If we compare our results to some other models out there implemented on this dataset, we see that the results match. Many other models do indeed have close to 100% accuracy on the dataset. The unique perspective we bring to the table is the addition of analysis with a training dataset that is of a lower percentage. We have compared the results when the training dataset is only 5% of the data and when it is 20% of the data, and found that the reduction in accuracy is not huge. This leads us to the conclusion that, for this dataset, a low percentage of data is a good representation of the entire dataset. There is not much variation in the entire dataset, and that is why choosing a lower number of data points also does not lead to a great reduction in accuracy. This regularity and predictablity in the dataset could be one of the reasons for why we are getting such high accuracy for the models we have applied.

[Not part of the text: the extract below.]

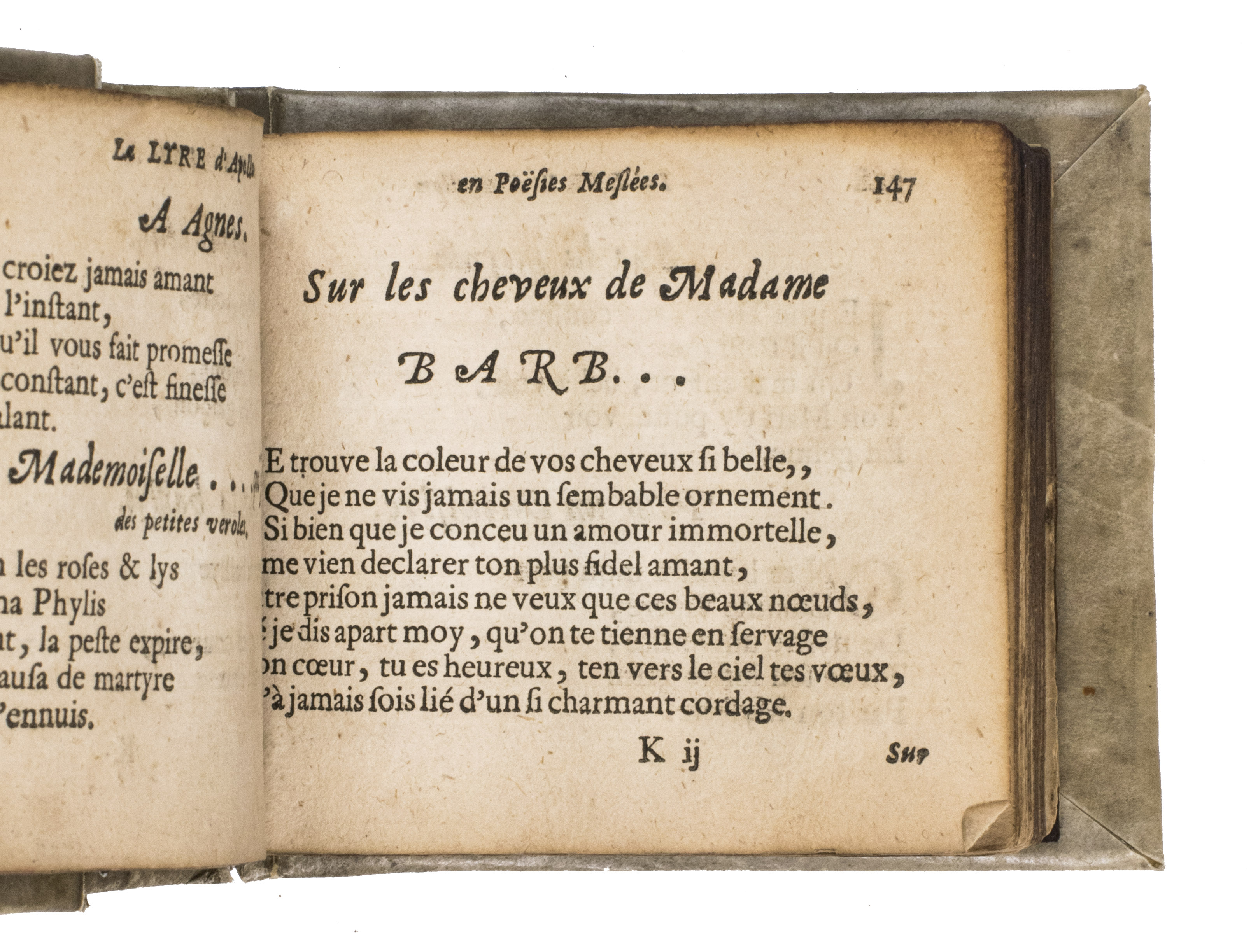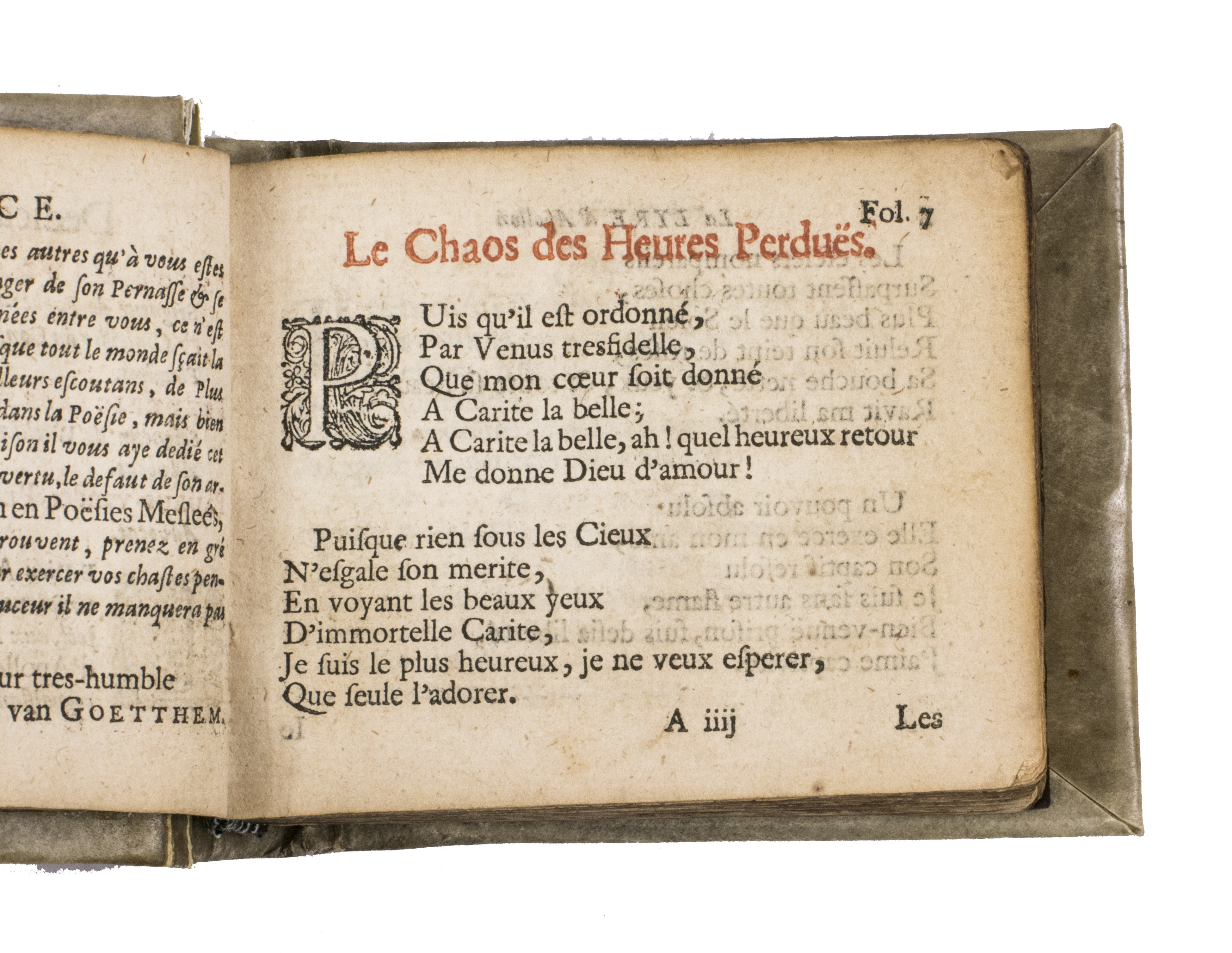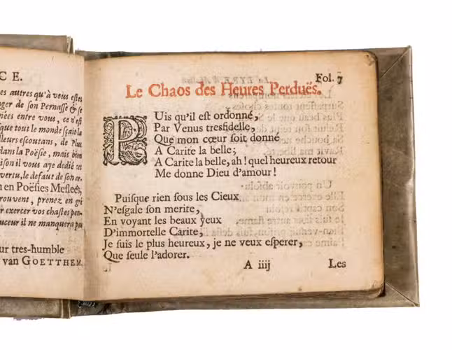 Very rare songbook containing almost 700 short poems in French on various topics, such as friendship, wine, and religion, also including several erotic love poems. It was written by "un Zelandois, & amateur dicelles", which was probably the publisher, Pieter van Goetthem (died after 1679), himself. Born in Leiden he moved to Middelburg where he was inscribed as bookbinder, printer, and publisher. He was also a member of the Chamber of Rhetoric at Middelburg. The first edition of the present work was published in Amsterdam in 1656. The present copy is the second edition, which is quite rare, as the Universal short title catalogue (USTC) records only five copies in libraries, and we have only been able to trace two copies in sales records of the last hundred years.
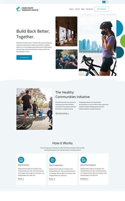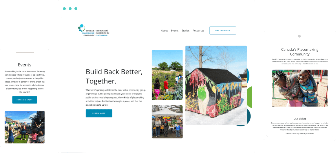 The Healthy Communities Initiative is a Government of Canada program to help rebuild public space and strengthen communities after the impact of the pandemic. Canada’s Placemaking Community (CPC) is how they hope to make it work – by helping channel government funding to the people ready to put in the work. They needed a website to connect the dots.

To reconfirm our beliefs, we tested multiple more complex models and arrived at results that supported our predictions. Since this high level of accuracy can be achieved by using simpler models, it is likely that real-world applications would favor such simpler models instead of implementing complex and expensive machine learning models. In other words, even though we have achieved better performance with a random forest and a neural network than a decision tree, it is likely that in practice we would opt for a simpler model such as the optimized decision tree. This is because in comparison to the more complex models the reduction in accuracy is very minute and almost unnoticeable and the complexity, computing power, and time required to run the more advanced models is high. The accuracy for the decision tree using 20% of our data for training purposes and 80% of our data for testing purposes is at 100% which is undeniably extremely good. All in all, we were successful in creating a machine learning model that yielded very high accuracy on this dataset and are hopeful that this model is applicable to those studying the ediblity of mushrooms.